Almost identical: both select rows from the USERS table, and then use a nested-loops join (“dependent subquery&rquo;) to retrieve rows from the EVENTS table. Both claim to use EVENTS_USER_IDX to select rows in the subquery. And they estimate similar numbers of rows at each step.

But look more closely at the join types. The NOT IN version uses index_subquery, while the NOT EXISTS version uses ref. Also look at the ref column: the NOT EXISTS version uses an explicit reference to the outer column, while the NOT IN uses a function. What's going on here?

The index_subquery join type indicates that MySQL will scan the index to find relevant rows for the subquery. Could that be the problem? I don't think so, because the EVENTS_USER_IDX is “narrow”: it only has one column, so the engine should not have to read a lot of blocks to find rows corresponding to the IDs from the outer query (indeed, I've tried a variety of queries to exercise this index, and all run in a few hundredths of a second).

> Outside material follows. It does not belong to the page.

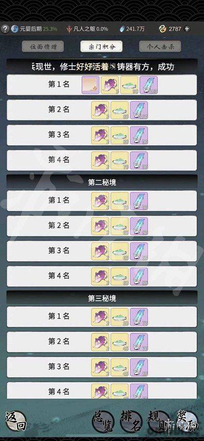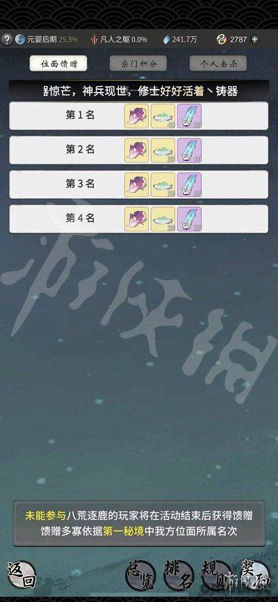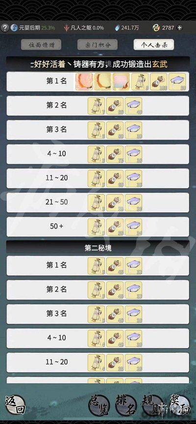 個人擊殺可以獲得功法要訣、乾坤玉簡、上品星塵獎勵。

For more information, I turned to the “extended” execution plan. To see this plan, prefix the query with explain extended, and follow it with show warnings. Here's what you get from the NOT IN query (reformatted for clarity):

/* select#1 */  select `example`.`USERS`.`ID` AS `ID` 
                from    `example`.`USERS` 
                where   ((`example`.`USERS`.`ID` in (1,7,2431,87142,32768)) 
                        and (not((`example`.`USERS`.`ID`,
                            (((`example`.`USERS`.`ID`) in EVENTS 
                            on      EVENTS_USER_IDX checking NULL
                            where   ((`example`.`EVENTS`.`TYPE` = 7) 
                                    and (`example`.`EVENTS`.`USER_ID` is not null))
                            having (`example`.`EVENTS`.`USER_ID`)))))))

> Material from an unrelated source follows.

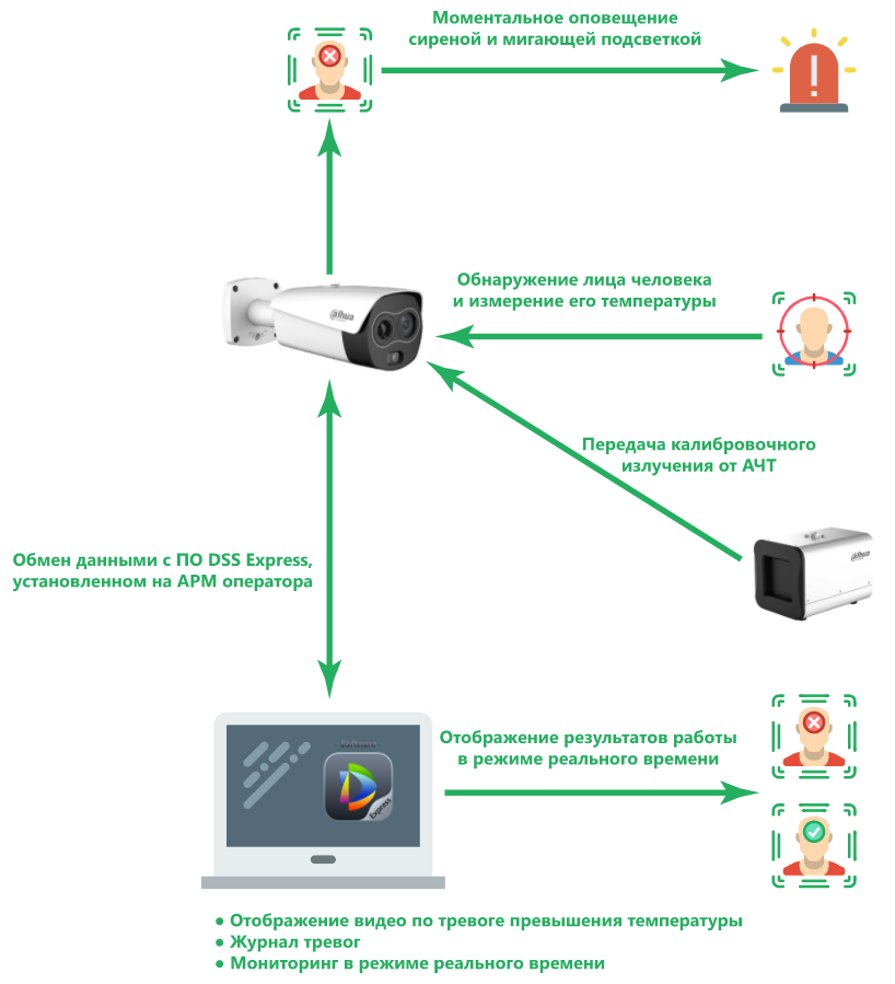 Эти устройства представляют собой камеры с оптическим и тепловизионным объективами. Камеры оснащаются детектором лиц, что дает возможность измерять температуру только в области лица. Если камера фиксирует превышение температуры, подается тревожный сигнал в виде звука и света, а также оповещение на видеорегистратор и в ПО DSS Express. Оператор системы наблюдения делает контрольное измерение температуры медицинским термометром, чтобы получить более точные результаты и принимает решение основываясь на его показаниях.

I haven't been able to find an explanation of “on EVENTS_USER_IDX checking NULL” but here's what I think is happening: the optimizer believes that it is executing an IN query that can have NULL in the results; it does not consider the null check in the where clause when making this decision. As a result, it will examine the 7.5 million rows where USER_ID is null, along with the few dozen rows where it matches the values from the outer query. And by “examine,” I mean that it will read the table row and only then apply the is not null condition. Moreover, based on the time taken to run the query, I think it's doing this for every one of the candidate values in the outer query.

So, bottom line: whenever you're thinking of using an IN or NOT IN subquery on a nullable column, rethink and use EXISTS or NOT EXISTS instead.